Success in the Supreme Court in Edenred

01 Jul 2015

Edenred (Group UK) Limited v Her Majesty’s Treasury and others [2015] UKSC 45

The Supreme Court has today handed down judgment in the public procurement case of Edenred (Group UK) Limited v Her Majesty’s Treasury and others upholding the decision of Andrews J and the Court of Appeal’s decision, which had each also held in favour of the Government (read the first instance decision here and the court of Appeal decision).

This was an appeal in the expedited Edenred proceedings on whether the way in which the Government’s flagship policy of Tax-Free Childcare (TFC) is to be delivered is lawful under domestic and EU public procurement legislation. It is the first case on the question of what constitutes a “material variation” of a public contract to reach the UK Supreme Court. It is also the first UK case to be decided under the new Public Contracts Regulations 2015 (SI 2015/102) (PCR 2015).

The operational and back office functions of NS&I, an executive agency of the Chancellor, are carried out under an outsourcing contract, currently held by Atos. That contract was procured in April 2014 and was not itself under challenge. TFC is to be delivered NS&I working with HMRC pursuant to s.16 of the Childcare Payments Act 2014 (CPA). To be able to do this NS&I has to use its outsourcing contract, modified to add the TFC services. A challenge to the Government-internal memorandum of understanding (MoU) between HMRC and NS&I (whereby it was argued that that MoU was itself a public contract) had failed below and was not pursued on appeal to the Supreme Court. The Appellants’ appeal focussed principally on their argument that the amendments required to the Atos outsourcing contract would be an impermissible material variation, being contrary to the CJEU’s pressetext case law and Regulation 72 PCR 2015.

Lord Hodge, with whom Lord Neuberger, Lord Mance, Lord Sumption and Lord Carnwath concurred, held that the amendments required to the outsourcing contract with Atos to include the TFC work will not amount to a material variation of that public contract as the modifications to the contract that enable NS&I to provide the TFC services will not “considerably extend” the scope of that contract in terms of regulation 72(8) PCR 2015 Regulations so that they do not involve “substantial” modifications under Regulation 72(1)(e) PCR 2015.

The Court distinguished Commission v Germany (C-160/08) [2010] ECR I-3713, Commission v France (C-340/02) [2004] ECR I-9845 and Commission v Spain (C-423/07) [2010] ECR I-3429 and held that the prohibition against modifying a contract to encompass services not initially covered does not prevent the extension of the contracted services beyond the level of services provided at the time of the initial contract if the advertised initial contract and related procurement documents envisaged such expansion of services, committed the economic operator to undertake them and required it to have the resources to do so.

The Supreme Court therefore held there was no breach of the Public Contracts Regulations or Article 56 TFEU.

The Court also inclined to the view that the amendments were further justified pursuant to “clear, precise and unequivocal” review clauses within the meaning of Regulation 72(1)(a) PCR 2015, but that the point was not acte clair.
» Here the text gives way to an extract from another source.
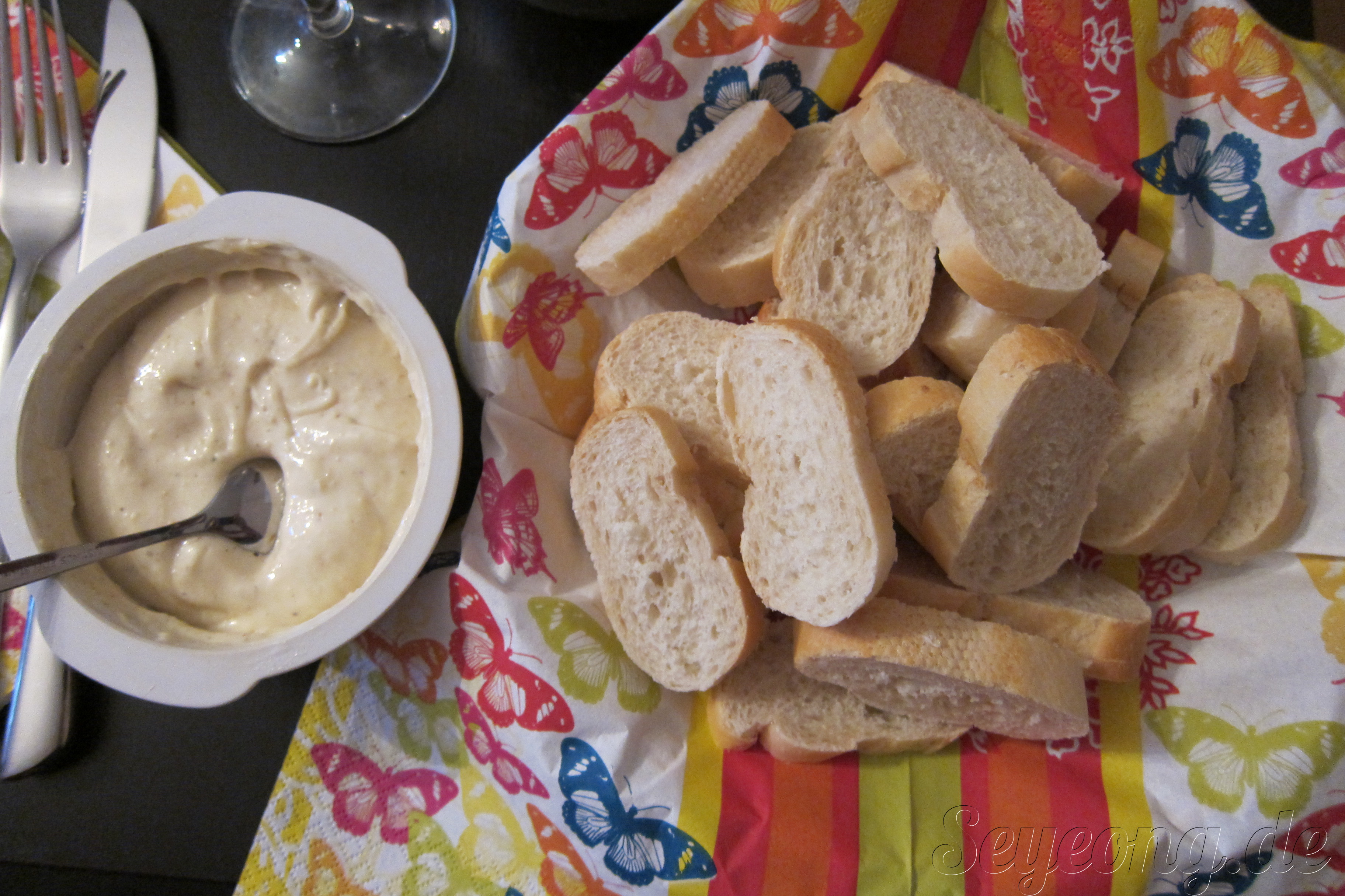 아이올리 딥. 마늘로 만든 딥핑으로 바게뜨에 찍어 먹는다.

However, in view of the finding on Regulations 72(1)(e) and (8) (above) it was not necessary to decide the point and no reference to the CJEU was required.

An alternative argument that a separate public contract had been created between HMRC and NS&I by reason of s. 16 CPA was also dismissed by the Court.


Philip Moser QC, Ewan West and Anneliese Blackwood appeared on behalf of Her Majesty’s Treasury, Her Majesty’s Revenue and Customs and NS&I, instructed by the Government Legal Department.